◆ **Task requirements**: From the first line of the entries below through the line bearing "Quay lại màn", write out each line exactly. Omit pictures.

◆ **Available records**:
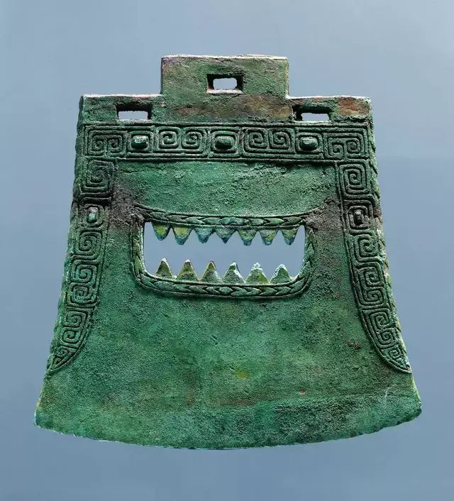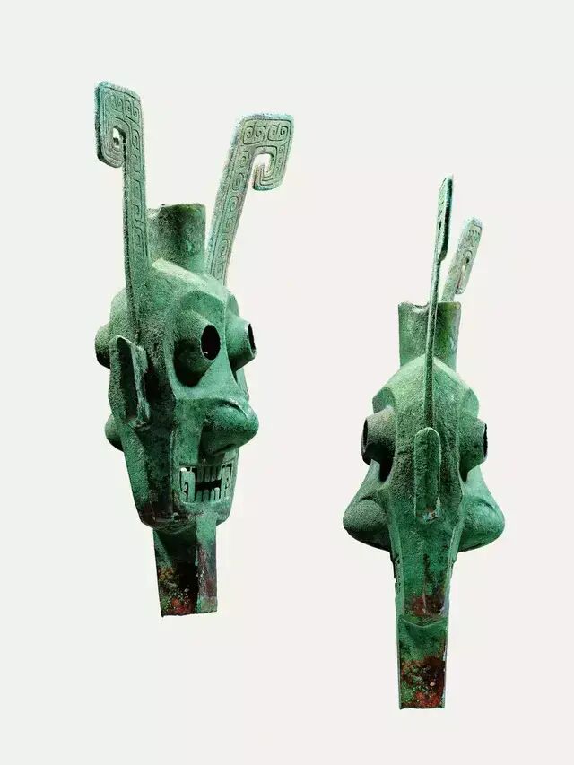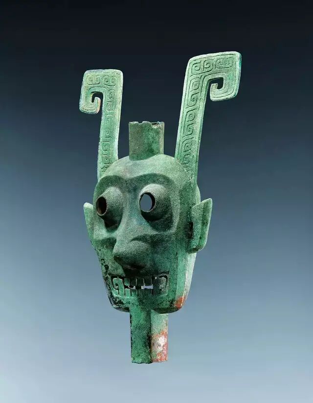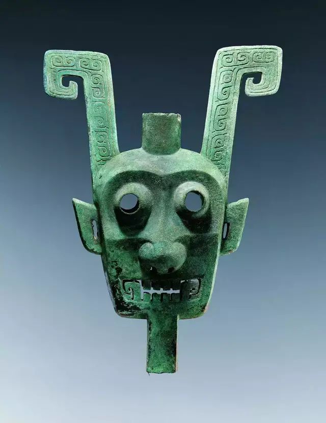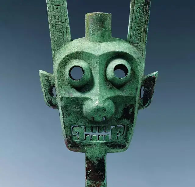 中空扁平双面人首造型,两面相同对称,额部宽,颌部窄,呈倒置的等腰梯形。眼窝下凹,眼球圆凸,内开圆洞。嘴张齿露,中齿铲形,侧牙勾卷。旁安两耳,顶插双角。上管下銎,管銎相通。顶上圆管可插羽冠,下部方銎能装木柄。面容神秘诡异,威严恐惧。上管圆、下銎方的造型和古人天圆地方的理念相通,寓意神人贯通天地的能力。
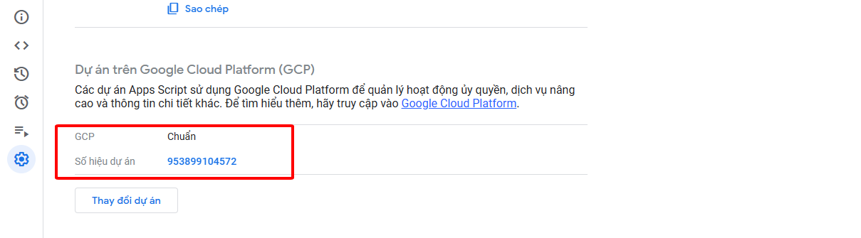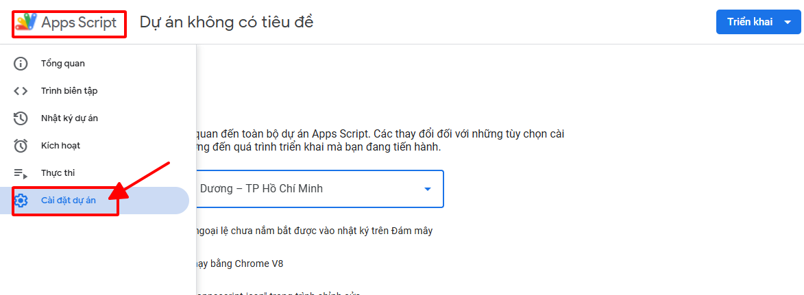 Quay lại màn hình Apps script của Google Sheet → chọn Project Setting (Cài đặt dự án)
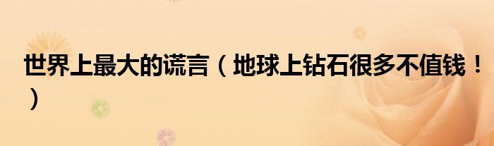 大家好,綜合小編來為大家講解下。世界上最大的謊言,地球上鉆石很多不值錢!很多人還不知道,現在讓我們一起來看看吧!
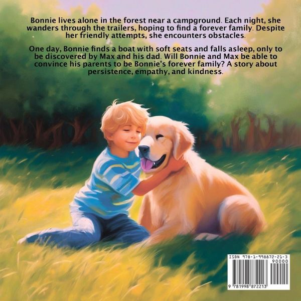 Bonnie lives alone in the forest near a campground. Each night, she wanders through the trailers, hoping to find a forever family. Despite her friendly attempts, she encounters obstacles. One day, Bonnie finds a boat with soft seats and falls asleep, only to be discovered by Max and his dad. Will Bonnie and Max be able to convince his parents to be Bonnie's forever family? A story about persistence, empathy, and kindness.
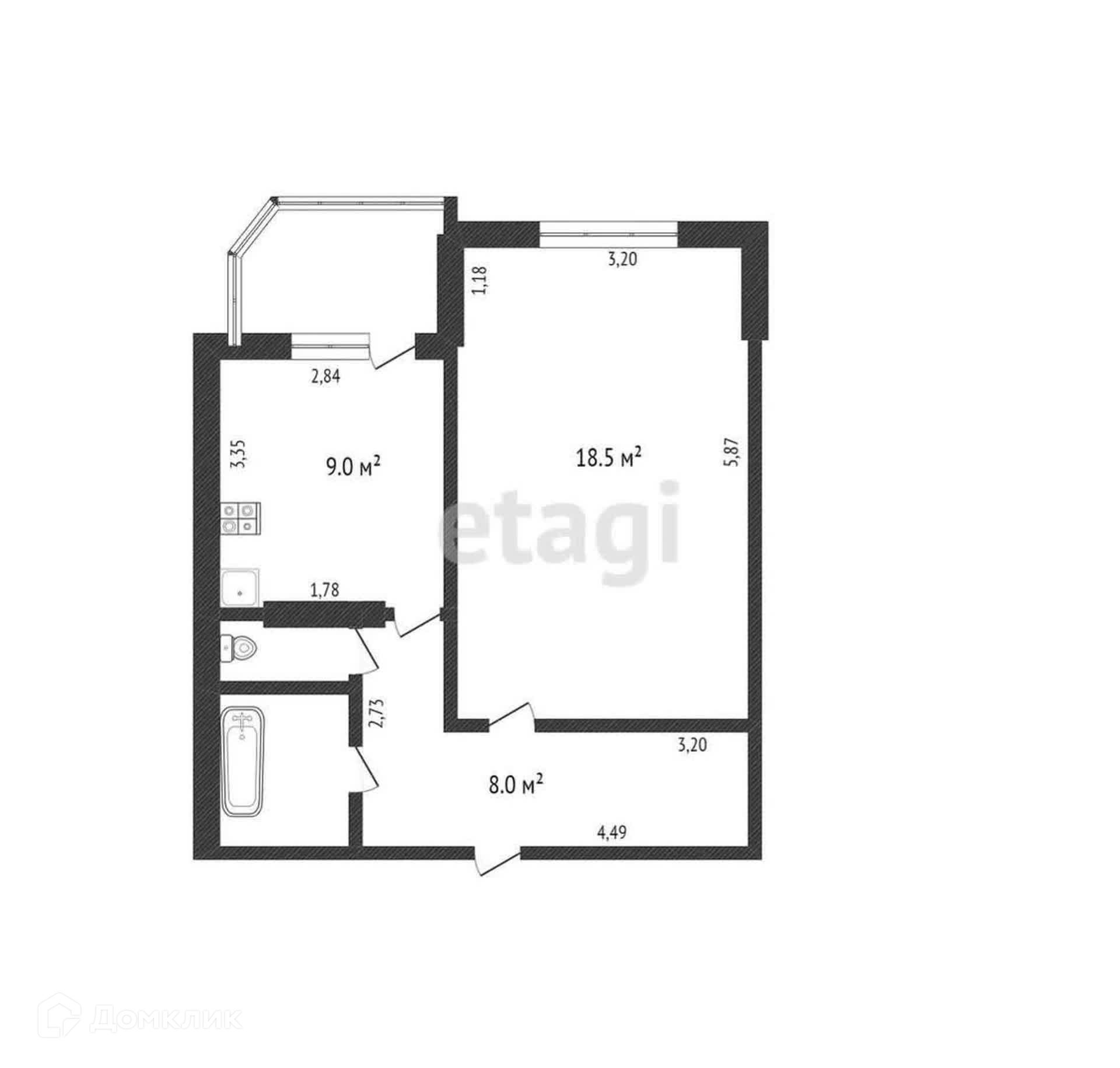 Балкон, лоджия 1 балкон
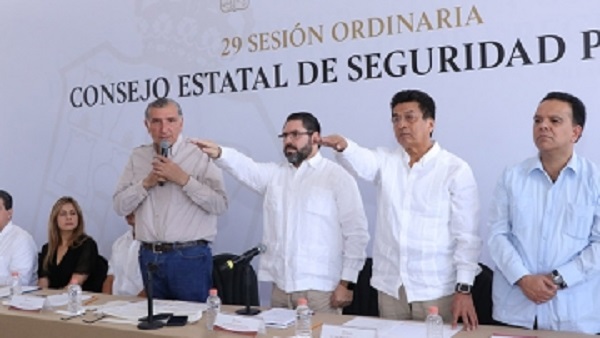 En la reunión efectuada en Palacio de Gobierno, el jefe del Ejecutivo tomó protesta a Ángel Mario Balcázar Martínez, secretario de Seguridad y Protección Ciudadana (SSPC), y a Luis Arcadio Gutiérrez León, secretario Ejecutivo del Sistema Estatal de Seguridad Pública (SESESP), como nuevos integrantes del Consejo.
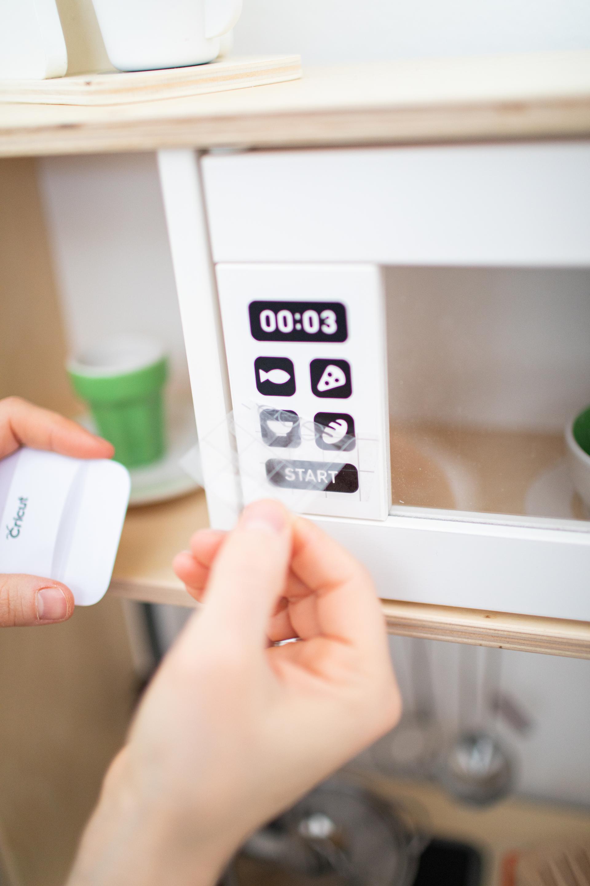 Het tweede doe-het-zelf-idee is het perfecte project voor iedereen die van een echt persoonlijke toets houdt: een kinderkeukentje. Dankzij Cricut tover je de kant-en-klare keuken die je in de winkel gekocht hebt om tot iets heel persoonlijk, met veel leuke details.
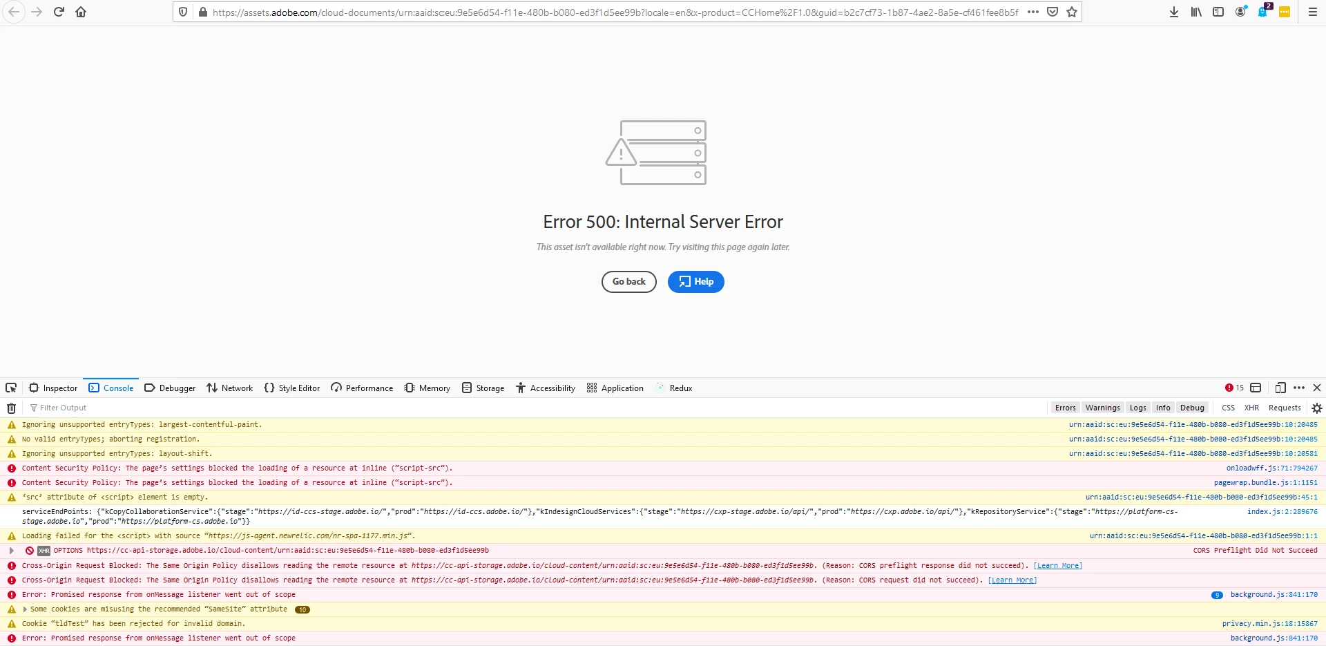 Hi, I get this error when I try to access my XD project on Creative Cloud website. The error message in the console says the followig:
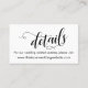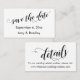 Gardez vos invités mariages dans la boucle avec tous vos détails avec ces inserts de faveur de mariage minutieux. Ces jolies cartes reflètent un style élégant et décontracté. Les superpositions de texte chic ont été conçues à l'aide d'une police de script moderne en noir. L'un des côtés dit "enregistrer la date" et l'autre dit simplement "détails". Utilisez les champs modèles pour customiser ces cartes de boîtier avec vos informations personnelles. Imprimé à l'aide de la "technologie carte de visite", la taille pratique sera facile à garder à portée de main. Envoyez-les avec vos envois traditionnels, et gardez quelques-uns autour pour les partager avec ceux qui ont besoin d'un ou deux supplémentaires! L'arrière - plan est blanc et cette couleur modifiable peut être changée en n'importe quoi dans votre palette de mariages que vous choisissez ; tout le texte modifiable apparaît en noir. // 99 // Conçu par Melody Watson pour Paper Muserie.
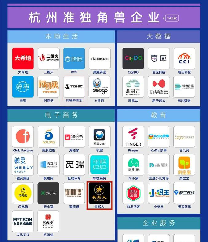 园区企业杭州贝嘟科技有限公司旗下互联网+服装定制平台衣邦人荣登独角兽企业榜单,已是连续两年获此殊荣。截至2020年6月12日,杭州共有独角兽企业31家,准独角兽企业142家,所有企业总估值超3100亿美元。
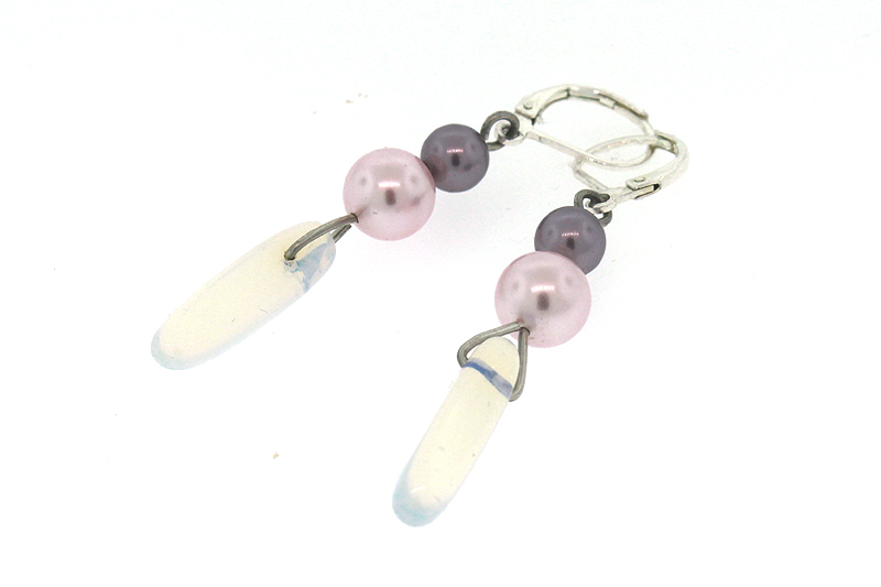 1. На телче с уше нанижете 1 морава перла Сваровски, а след нея и 1 перла Сваровски розалин.
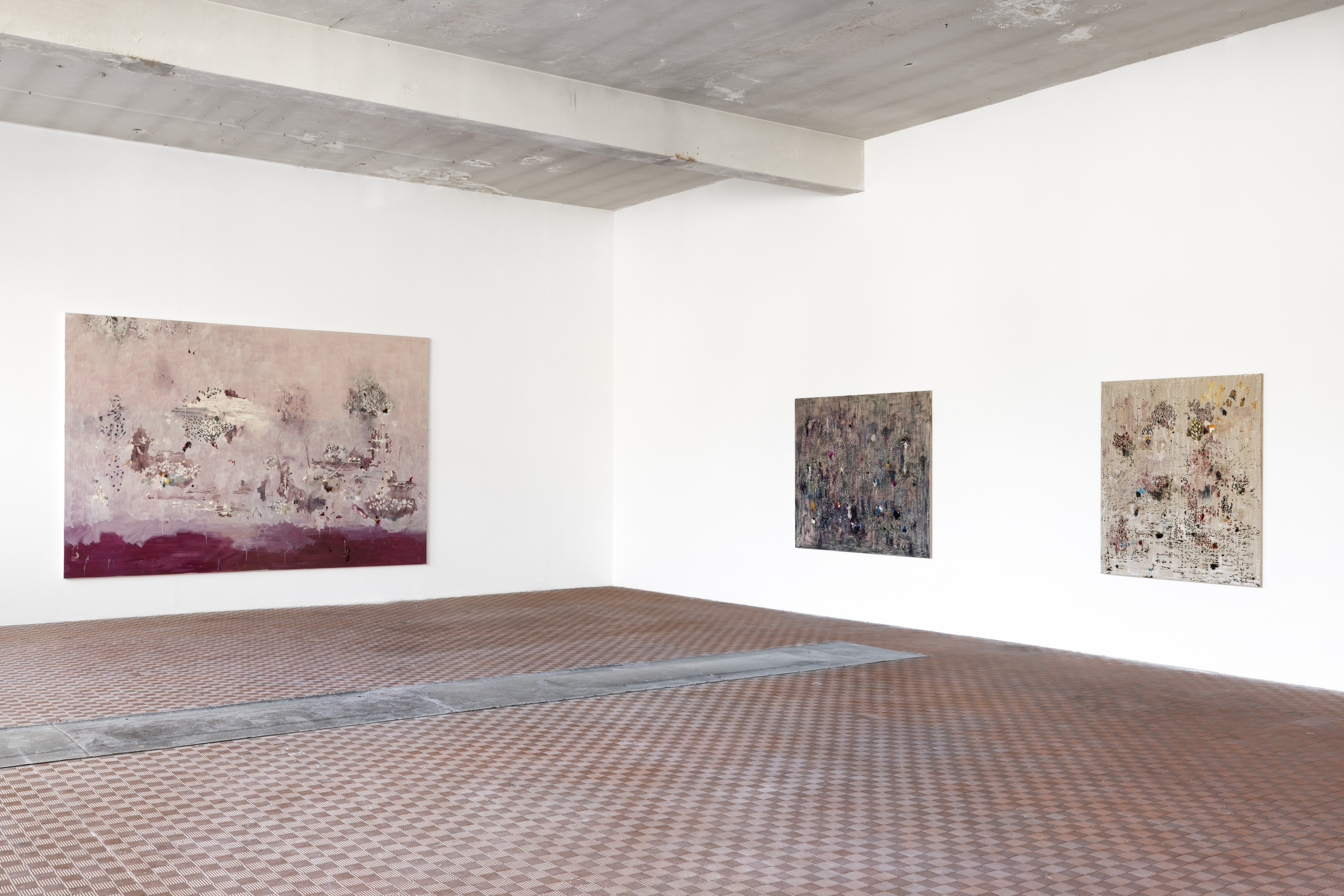 In her paintings, Marina Rheingantz expresses herself through color and gesture, allowing shifting spaces and atmospheres to emerge from the surface of the canvas. Thick patches of oil paint appear in their physicality like the warp of textile surfaces and the weave of a landscape. Her compositions strip away recognizable reference, retaining landscape only as a structural framework for abstract horizons and imagined depths.

◆ **Task solution**:
 中空扁平双面人首造型,两面相同对称,额部宽,颌部窄,呈倒置的等腰梯形。眼窝下凹,眼球圆凸,内开圆洞。嘴张齿露,中齿铲形,侧牙勾卷。旁安两耳,顶插双角。上管下銎,管銎相通。顶上圆管可插羽冠,下部方銎能装木柄。面容神秘诡异,威严恐惧。上管圆、下銎方的造型和古人天圆地方的理念相通,寓意神人贯通天地的能力。
 Quay lại màn hình Apps script của Google Sheet → chọn Project Setting (Cài đặt dự án)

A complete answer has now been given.